TIRANA, Jan. 23 – Many Tirana residents, mostly students, joined a protest march to honor Ariela Murati, a young woman who was shot dead on Sunday after rejecting the advances of a former classmate.
Holding wreaths, candles and pictures of the deceased, citizens marched from the University of Tirana’s Faculty of Law to the University of Medicine, in front of which Murati was shot, in silent protest against violence towards women.
The Gender-Based Violence Monitoring Network called on authorities to urgently take extra measures to protect victims against a trend plaguing Albanian society.
While 21-year-old Murati was shot in Tirana, Paola Visha, of the same age, was shot in the city of Vlora the same week.
These are just the latest in a series of homicides that have lately shook society and placed violence against women under the spotlight.
A big number of civil society organizations addressed the parliament, president’s office and government with a letter asking for ways to bring cases of any kind of violence against women and girls to attention, including threats in both public and private affairs.
“No one has the right to consider girls and women as their property. A refusal to participate in a love relationship, cohabitation or marriage or the right to break these relationships off are a human right and should be respected from everyone,” the civil society’s statement said.
Members of the network also asked for a review of the existing legislation, so that additional measures against family violence can be included.
According to them, a number of international conventions require that restraining and protective orders be available for victims of any kind of violence.

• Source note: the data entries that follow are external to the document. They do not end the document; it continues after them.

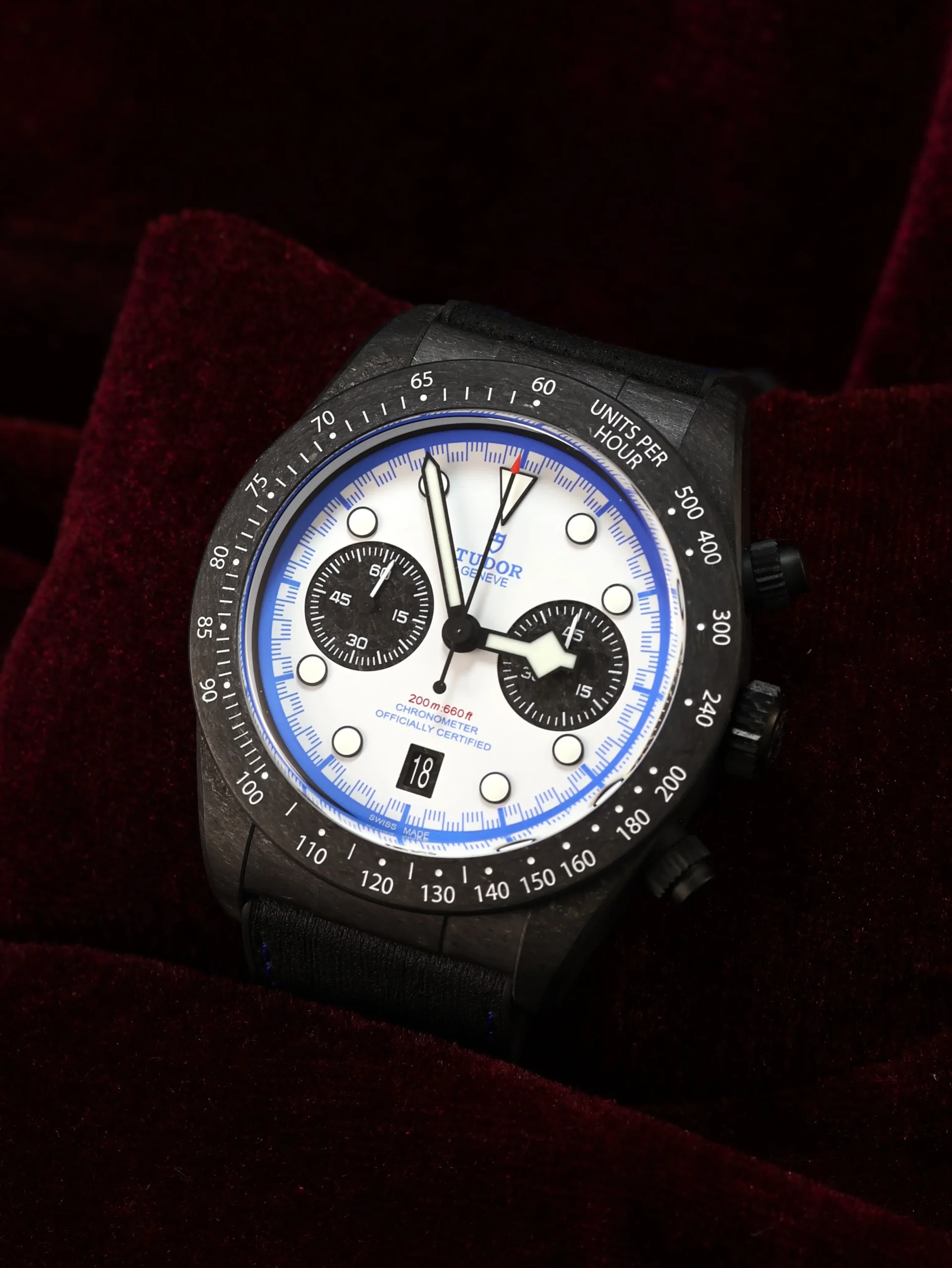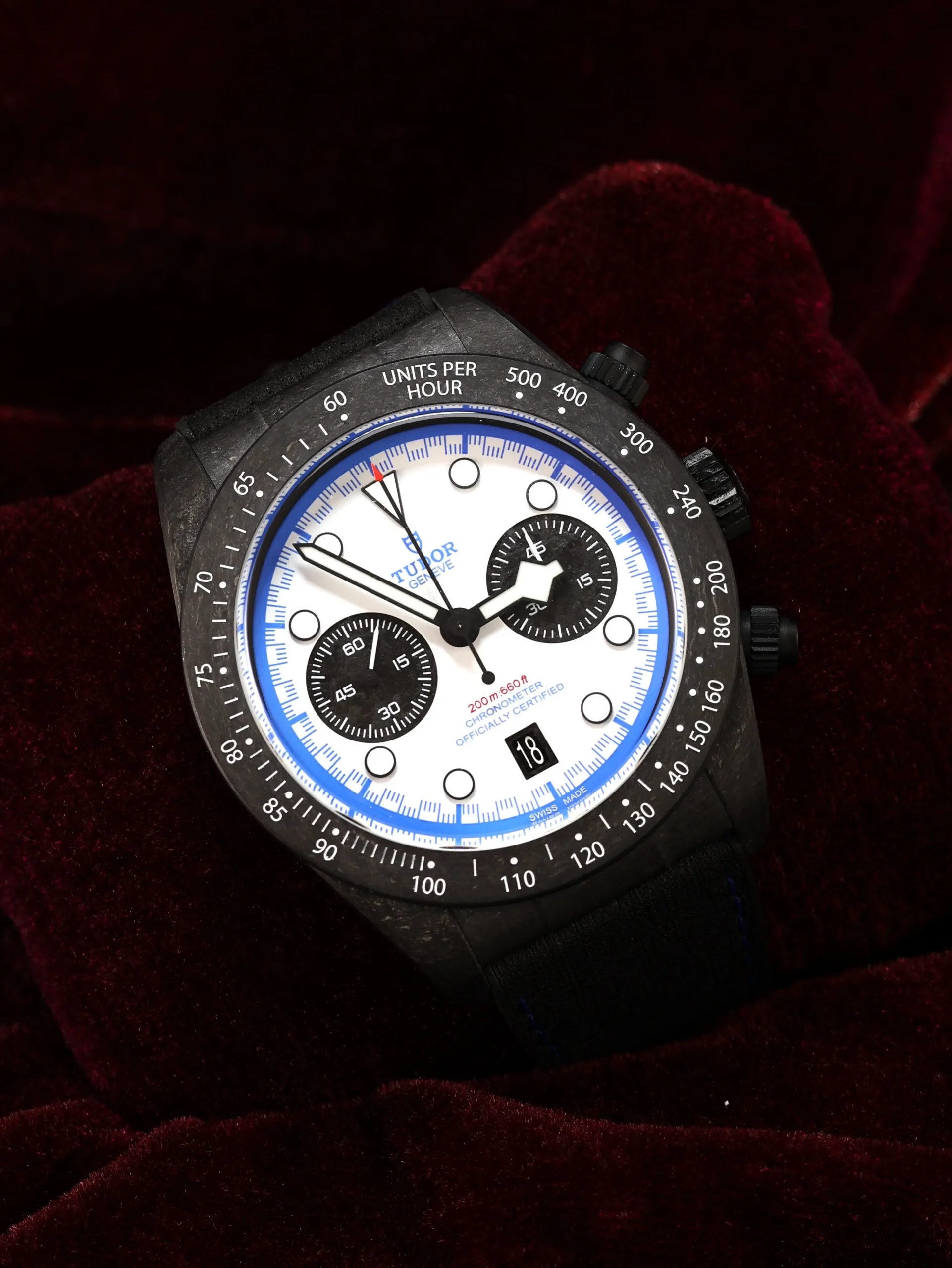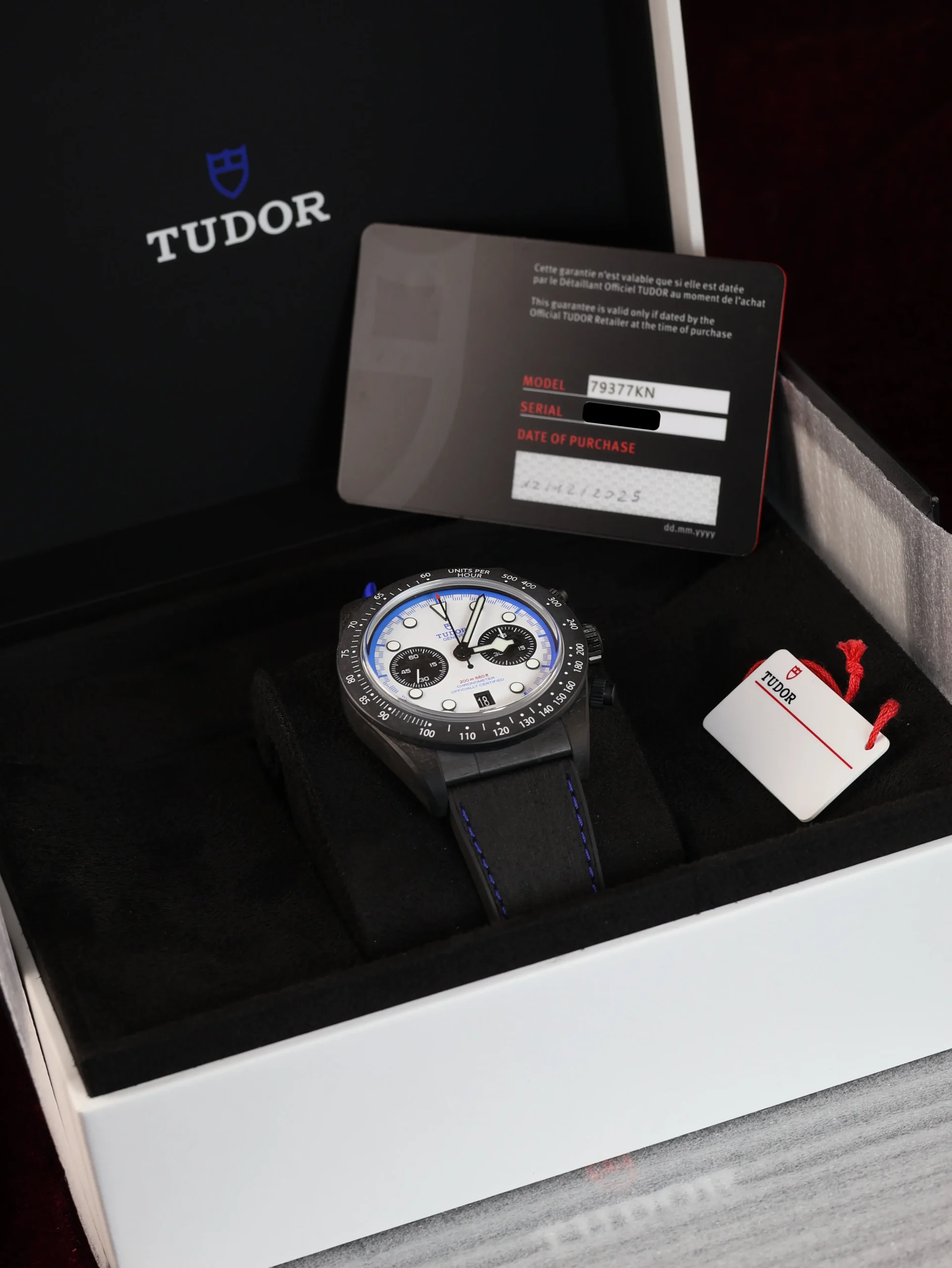 Unworn limited to 2025 pieces Tudor Black Bay Chrono “Carbon 25” (79377KN) self-winding automatic watch. This reference features a white dial and black bezel, encased in a 42mm carbon fibre & titanium case and black straps. Features seconds, minutes, hours, date, and chronograph functions. Functions and keeps time well. Comes with box and warranty papers dated 2025.
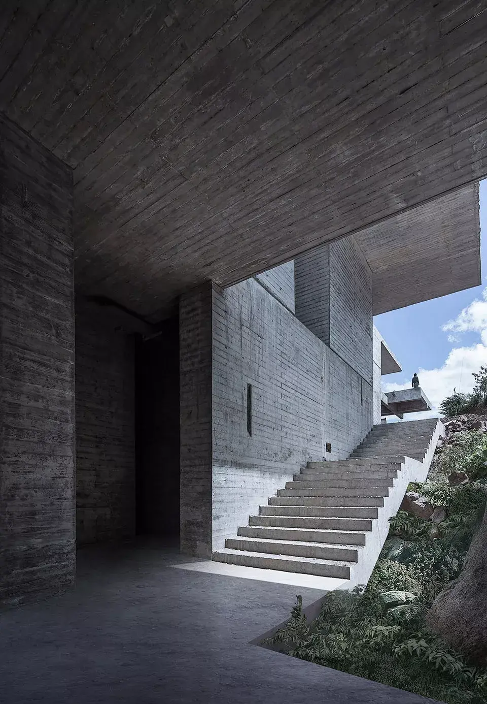 ▼酒店接待入口,片墙延伸,模糊了建筑与自然的边界
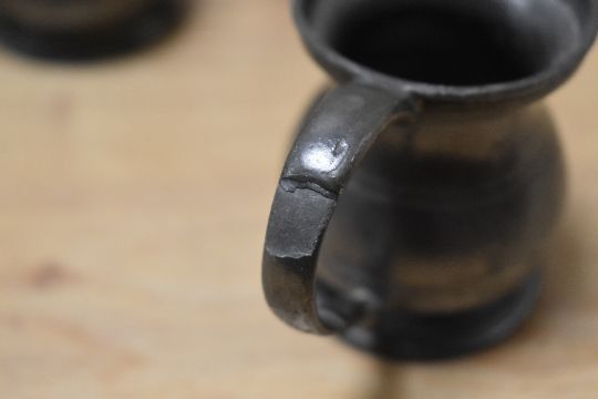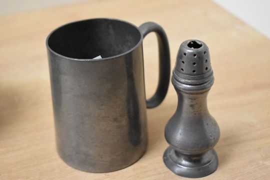 A small quantity of late 19th to early 20th-century pewterware, to include three tankards of graduating sizes, three small 'half gill' measuring jugs and a single salt shaker, some marked but not all, (7), condition is consistent with age and use.
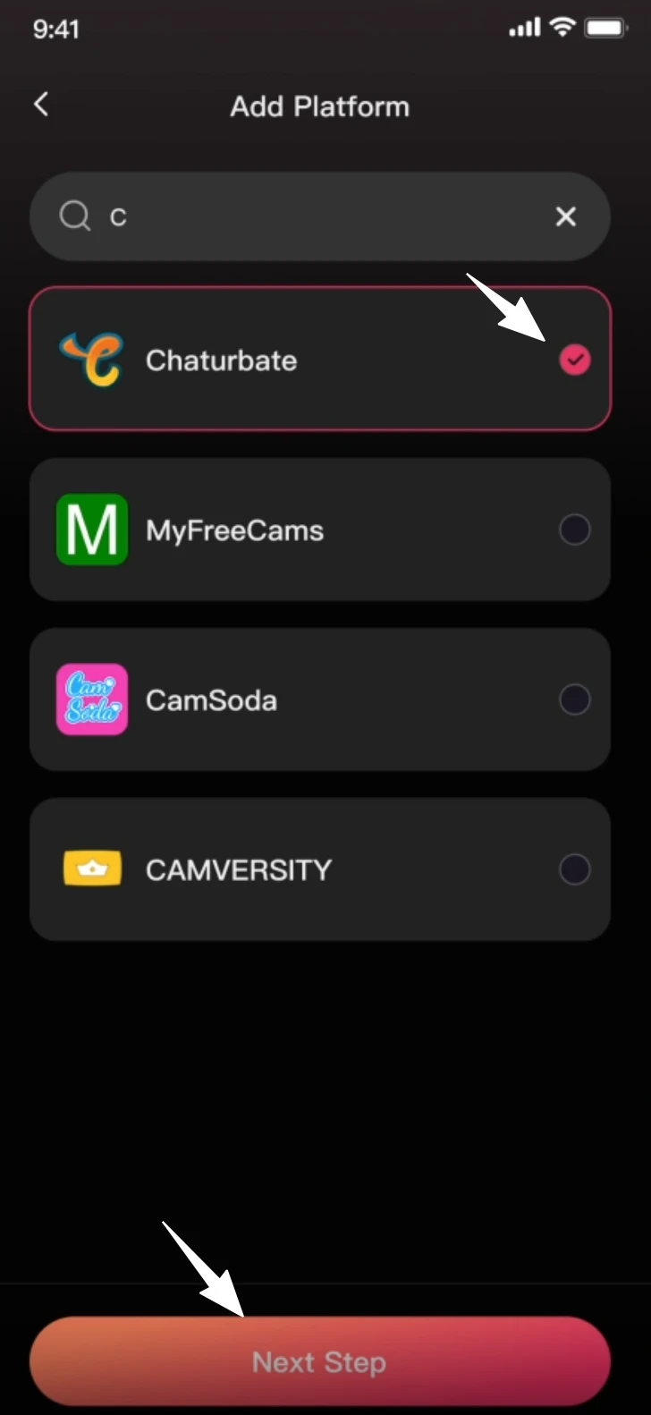 And log in to your platform using your credentials or authorization code. (e.g., Chaturbate).
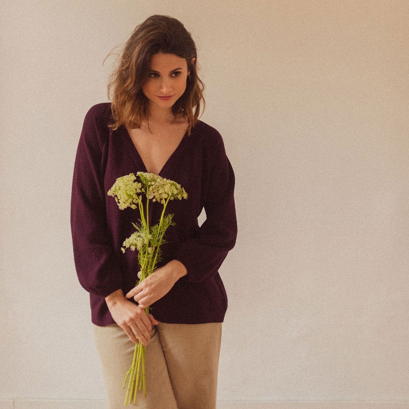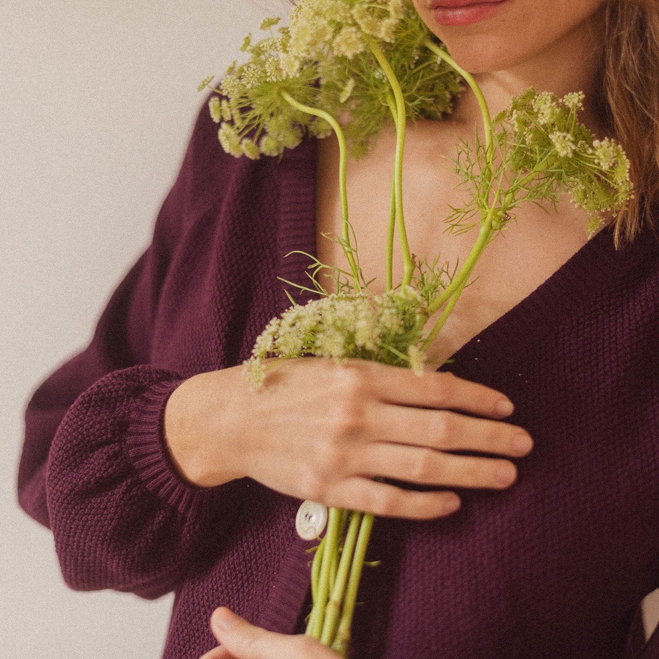 El cardigan de punto mujer es una prenda de calidad tejida de forma ética en un pequeño taller de Madrid.

It was highlighted, in the letter, that the implementation of regulation against gender-based violence has lacked coordination from different institutions, thus making it ineffective in many cases.
“These institutions, in cooperation with civil society organizations, should take effective and coordinated measures to raise awareness, prevent, protect from violence and offer special support services for all gender-based violence victims,” the letter continued.
In addition, they also called on every woman and girl that feels threatened, scared or violated in her private or public life to come forward and fearlessly denounce cases of threats and violence to the nearest authorities.
“The police needs additional training to be better prepared for any threat situation and to better evaluate the danger that could come from those threats, to avoid extreme cases of violence,” the letter added.
In the Tirana shooting case, Albanian media also came under criticism for dealing with the story in lurid details, invading the privacy of what would have otherwise been a private matter.
The attacker had romantically pursued the victim and after being repeatedly rejected decided to commit a murder-suicide. He shot the victim dead, but is hanging on to life in a comma after shooting himself in the head.